Scientists selectively erase fear memories and gain insight into how the memory works
(PhysOrg.com) -- It may sound like something out of a science fiction movie - but bad memories can be erased in mice and this finding sheds light into how memories are normally encoded and stored in the brain. In a study published in the March 13 issue of the journal Science, researchers at the University of Toronto and The Hospital for Sick Children (SickKids) have established a link between specific neurons and a given memory.
The human brain contains over 100 billion neurons (there are over 100 million in the mouse brain), yet memories are thought to be stored in only small groups of them. Identifying the precise neurons encoding a given memory has been a longstanding challenge. In the past, scientists had deleted an entire brain region in mice to try and erase a memory in the hopes of finding out about how memories are normally stored, but in this study led by Sheena Josselyn, Assistant Professor of Physiology, Canada Research Chair in Molecular and Cellular Cognition and a SickKids scientist, researchers took a more targeted approach and removed only the small portion of neurons thought to be involved in a specific memory.

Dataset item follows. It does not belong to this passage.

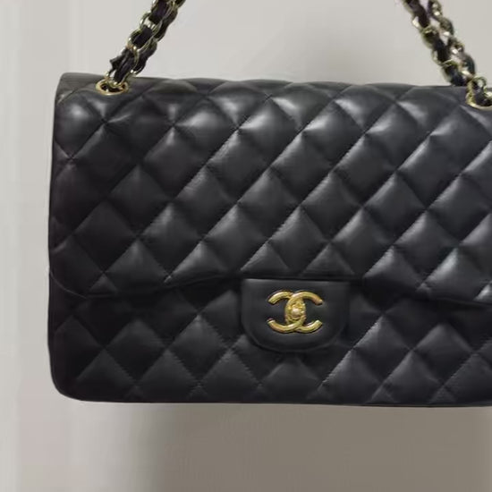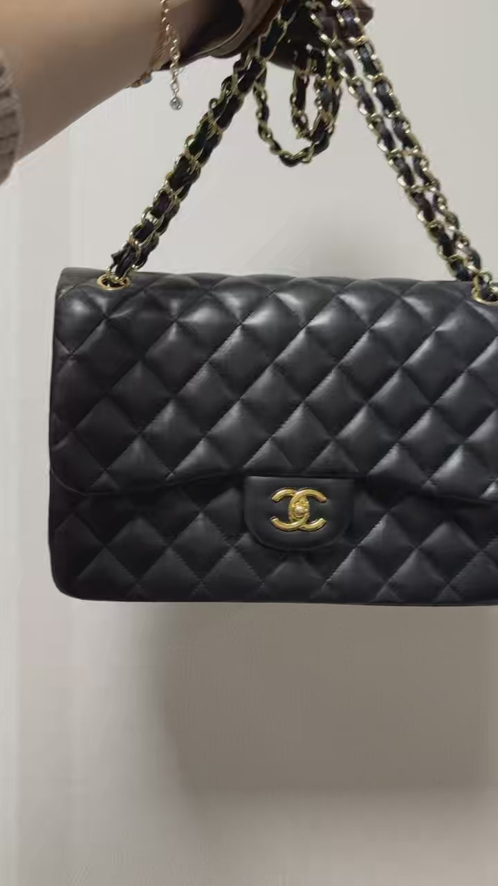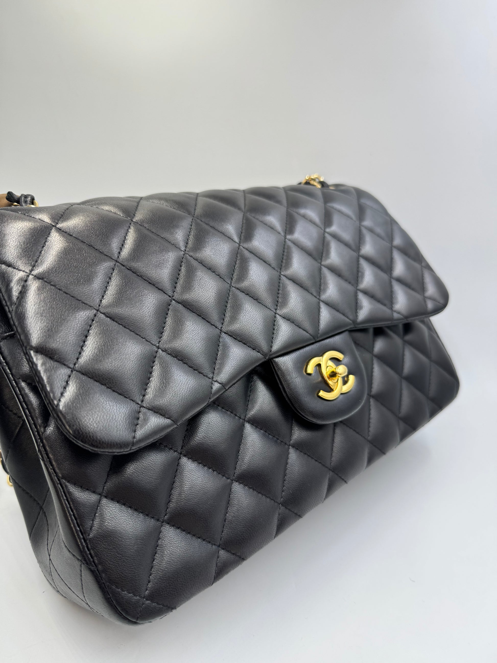 Pre-owned Certified Chanel Jumbo CF Double Flap in Black Lambskin with Golden Hardware, 2014, w/ Full Set

"Though previous studies have provided important evidence suggesting that specific neurons are involved in a memory, we believe this paper is the first to establish causal links," said Josselyn.
In a previous paper, the research team showed evidence suggesting that in mice, fear memories are stored in specific neurons within a brain structure known as the lateral amygdala (LA) that have a high amount of a specific protein (CREB). This means that CREB levels helps dictate which neurons are involved in storing a memory. In the latest study, the scientists went on to destroy only these LA neurons with high levels of CREB and found that mice no longer remembered the fearful event. More importantly, they illustrated that random removal of a similar number of LA neurons does not impact the fear memory. These findings are the first to definitively show which specific set of neurons store a memory.

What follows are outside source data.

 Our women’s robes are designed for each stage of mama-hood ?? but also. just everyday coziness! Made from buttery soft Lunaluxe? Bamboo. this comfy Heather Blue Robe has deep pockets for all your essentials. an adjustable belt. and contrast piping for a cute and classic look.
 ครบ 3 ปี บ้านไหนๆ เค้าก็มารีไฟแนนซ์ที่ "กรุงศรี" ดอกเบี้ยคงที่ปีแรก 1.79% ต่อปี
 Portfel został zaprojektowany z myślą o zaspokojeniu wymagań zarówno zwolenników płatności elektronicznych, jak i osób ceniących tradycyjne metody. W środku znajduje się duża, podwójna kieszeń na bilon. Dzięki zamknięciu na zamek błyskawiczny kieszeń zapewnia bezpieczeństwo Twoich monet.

"Our experiences, both good and bad, teach us things," said Josselyn. "If we didn't remember that the last time we touched a hot stove we got burned, we would be more likely to do it again. So in this sense, even memories of bad or frightening experiences are useful. However, there are some cases in which fearful memories become maladaptive, such as with post-traumatic stress disorder or severe phobia. Selectively erasing these intrusive memories may improve the lives of afflicted individuals," she said.

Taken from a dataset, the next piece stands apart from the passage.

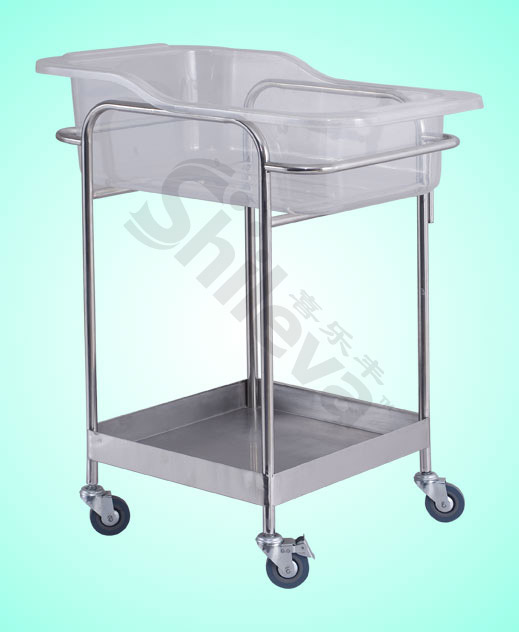 Deluxe Baby TrolleySpecification:680*380*760mm(L*W*H)Description: Made of #304 stainless steel Baby tray is made of ABS plastic, 4” castors.Option: Anti-bacterial leather mattress

"Do our results suggest that someday this might be possible? Our studies suggest that one strategy would be to target interventions to that small subset of neurons actually involved in storing a memory, rather than the entire brain. It sounds like a futuristic film, but our results in mice do provide proof-of-principle that this may one day be possible in humans," added Paul Frankland, SickKids Scientist, Assistant Professor of
Physiology, Canada Research Chair in Cognitive Neurobiology and
co-investigator of the study.
"Our memories are an essential part of who we are, in fact some believe it is the ongoing connection between our thoughts and memories that constitutes our identity," said Christine Harrison, SickKids Director of Bioethics. "As the research in this area continues to evolve, so do the ethical considerations related to potential future therapies."